World's first carbon tax on agriculture costs farmers £75 per cow over their burps and manure
Dairy farmers in Denmark will have to pay an annual tax of 672 krone (around £75) per cow due to the planet-heating emissions they generate.
It is the world's first carbon emissions tax on agriculture, and while it has been broadly welcomed by Denmark's dairy industry, the move has angered some farmers.
The country's coalition government agreed on the tax this week, with new levies on livestock due to start in 2030.
Denmark is a major dairy and pork exporter, and agriculture is the country’s biggest source of emissions.

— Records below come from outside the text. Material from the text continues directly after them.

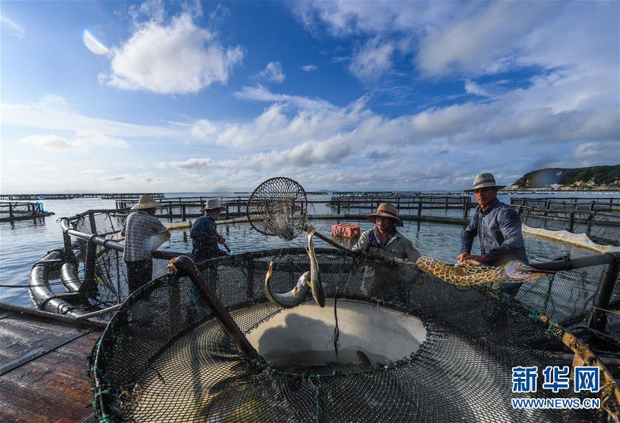 8月18日,南麂島海域內(nèi)的“海上牧場”養(yǎng)殖區(qū)內(nèi),漁民正捕撈大黃魚,處于仿生養(yǎng)殖環(huán)境的大黃魚需要生長2至3年。進(jìn)入8月,浙江省溫州市平陽縣南麂鎮(zhèn)海域上大片的大黃魚、貽貝等特色海產(chǎn)品養(yǎng)殖區(qū)域迎來豐收季節(jié),養(yǎng)殖戶們駕駛漁船在養(yǎng)殖區(qū)海域進(jìn)行打撈收獲,在碧海藍(lán)天下構(gòu)成了一幅“海上牧場”的美麗豐收景象。近年來,南麂鎮(zhèn)政府引導(dǎo)漁民養(yǎng)殖戶充分發(fā)揮“靠海吃?!钡馁Y源優(yōu)勢,大力發(fā)展海洋養(yǎng)殖經(jīng)濟(jì)和海島旅游經(jīng)濟(jì),實(shí)現(xiàn)了南麂由“生態(tài)美”向“產(chǎn)業(yè)美”,“產(chǎn)業(yè)美”向“經(jīng)濟(jì)美”的轉(zhuǎn)變。同時(shí)該鎮(zhèn)堅(jiān)持以大黃魚、貽貝等為特色產(chǎn)業(yè)支撐,精準(zhǔn)發(fā)展高效海洋養(yǎng)殖業(yè),重點(diǎn)培養(yǎng)一批新型職業(yè)漁民,依靠專業(yè)技術(shù)支持,實(shí)現(xiàn)深海仿生養(yǎng)殖,讓好生態(tài)造就好品質(zhì),重點(diǎn)打造南麂養(yǎng)殖品牌,組建營銷網(wǎng)絡(luò),拓展特色海產(chǎn)品市場。新華社記者 徐昱攝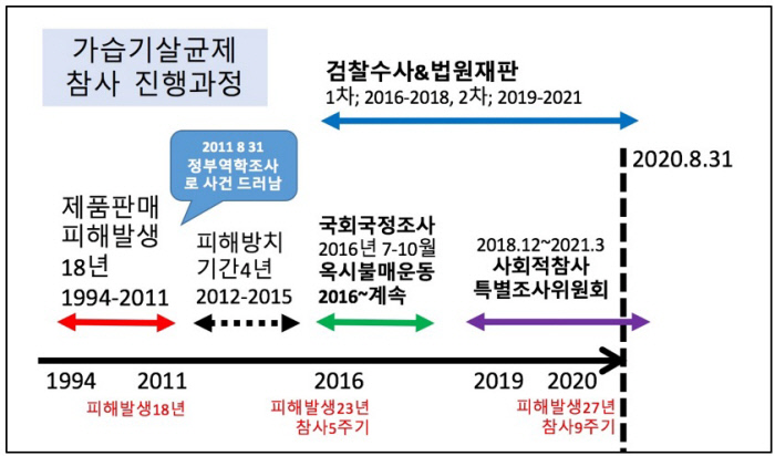 http://news.khan.co.kr/kh_news/khan_art_view.html?artid=202008311736001 사참위에서 가습기살균제 제품 성분 분석 결과를 발표했습니다. 판매 제품의 농도마저 일정하지 않았다니 이럴 수가 있는지 http://socialdisasterscommission.go.kr/news/report/Read.jsp?ntt_id=3884 그리고 오늘은 2011년 가습기살균제 피해가 알려진 지 9년이 되는 날입니다. http://news.khan.co.kr/kh_news/khan_art_view.html?artid=202008291804001 진상규명은 더디고, 유족이 피해 입증 책임을 떠맡고 피해등급이 갈리는 점이 유족들을 힘들게 하고 있습니다. 2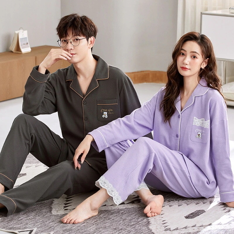 パジャマ カップル 上下セット 春秋冬 前開き 長袖 綿 大きいサイズ 寝巻き ルームウェア 部屋着 お揃い レディース メンズ 単品売り パジャマ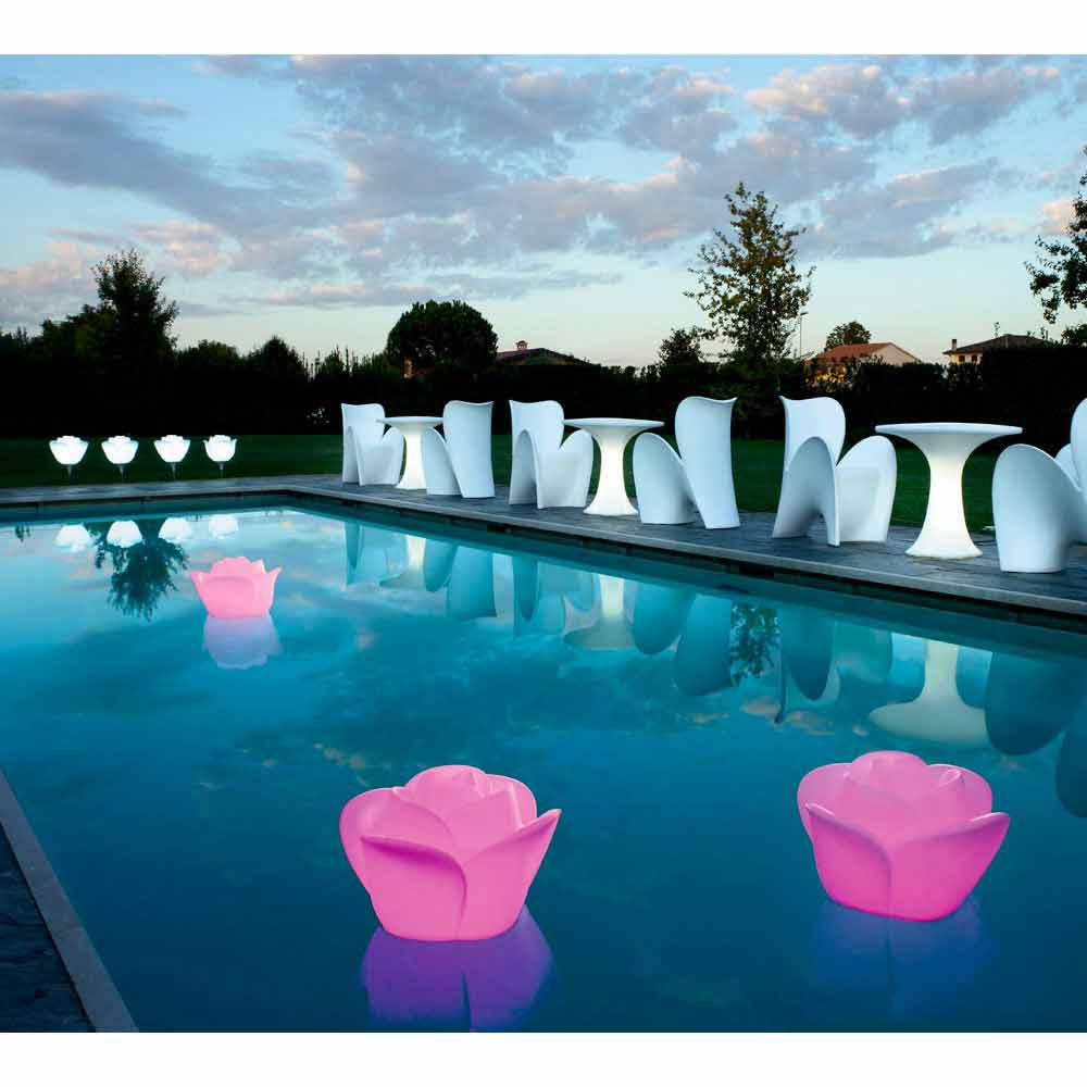 La rosa Baby Love Waterproof florece en el agua, solitaria, en hileras o en racimos, como un mágico nenúfar de luz flotando en piscinas y fuentes, nacido para iluminar las fiestas. Siempre tierna, sugerente, inconfundible. Baby Love , una lámpara ornamental con un estilizado perfil rosa que puede adoptar diferentes formas, una original lámpara de pie disponible en varias alturas, una elegante lámpara de pie, lámpara de techo, aplique de pared y lámpara de exterior en las versiones Waterptoof y Garden, donde está su diseño diseñado para favorecer la eliminación más rápida y completa del agua de lluvia.

A share of this pollution comes from methane, a potent planet-warming gas produced by cows and some other animals through their burps and manure.
The tax, expected to be approved by Denmark’s parliament later this year, will amount to 300 krone (around £35) per tonne of CO2-equivalent emissions from livestock from 2030, rising to 750 krone (around £85) in 2035.
A 60% tax break will apply, meaning that farmers will effectively be charged 120 krone (around £15) per tonne of livestock emissions per year from 2030, rising to 300 krone (around £35) in 2035. Using the lower tax rate results in a charge of around £75 per cow, with the levy rising to 1,680 krone (around £190) per cow in 2035. The agreement also entails investing 40 billion krone (around £4.5 billion) in measures including reforestation and establishing wetlands in a bid to meet the nation's climate goals.
In a statement Foreign Minister Lars Lokke Rasmussen said: “With today’s agreement, we are investing billions in the biggest transformation of the Danish landscape in recent times. At the same time, we will be the first country in the world with a (carbon) tax on agriculture.”
It comes just months after farmers held protests across Europe – blocking roads with tractors and pelting the European Parliament with eggs over a long list of grievances, including gripes about environmental regulation and excessive red tape.
Danish farmers’ group Bæredygtigt Landbrug described the new measures as a "scary experiment". Chairman Peter Kiær said: “We believe that the agreement is pure bureaucracy.
“We recognise that there is a climate problem… But we do not believe that this agreement will solve the problems, because it will put a spoke in the wheel of agriculture’s green investments." Peder Tuborgh, the CEO of Arla Foods, Europe’s largest dairy group, said the agreement was “positive” but that farmers who “genuinely do everything they can to reduce emissions” should not be subjected to a tax. “It is essential that the tax base for a (carbon) tax is solely based on emissions for which there are means to eliminate (them),” he added.
Kristian Hundeboll, the CEO of DLG Group, one of Europe’s biggest agricultural businesses and a cooperative owned by 25,000 Danish farmers, said it was “crucial for competitiveness” for the tax to be “anchored” in European Union legislation.
“Neither the climate, agriculture nor the ancillary industries benefit from Denmark acting unilaterally,” he said.
The global food system is a huge contributor to the climate crisis, accounting for around a third of greenhouse gas emissions.
In particular, livestock farming has a big impact, accounting for around 12% of global emissions in 2015, according to the United Nations’ Food and Agriculture Organisation
A share of this pollution comes from methane, a potent planet-warming gas produced by cows and some other animals through their burps and manure.
On average, Danish dairy cows, which account for much of the cattle population, emit 5.6 tonnes of CO2-equivalent per year, according to Concito, a green think tank in Denmark.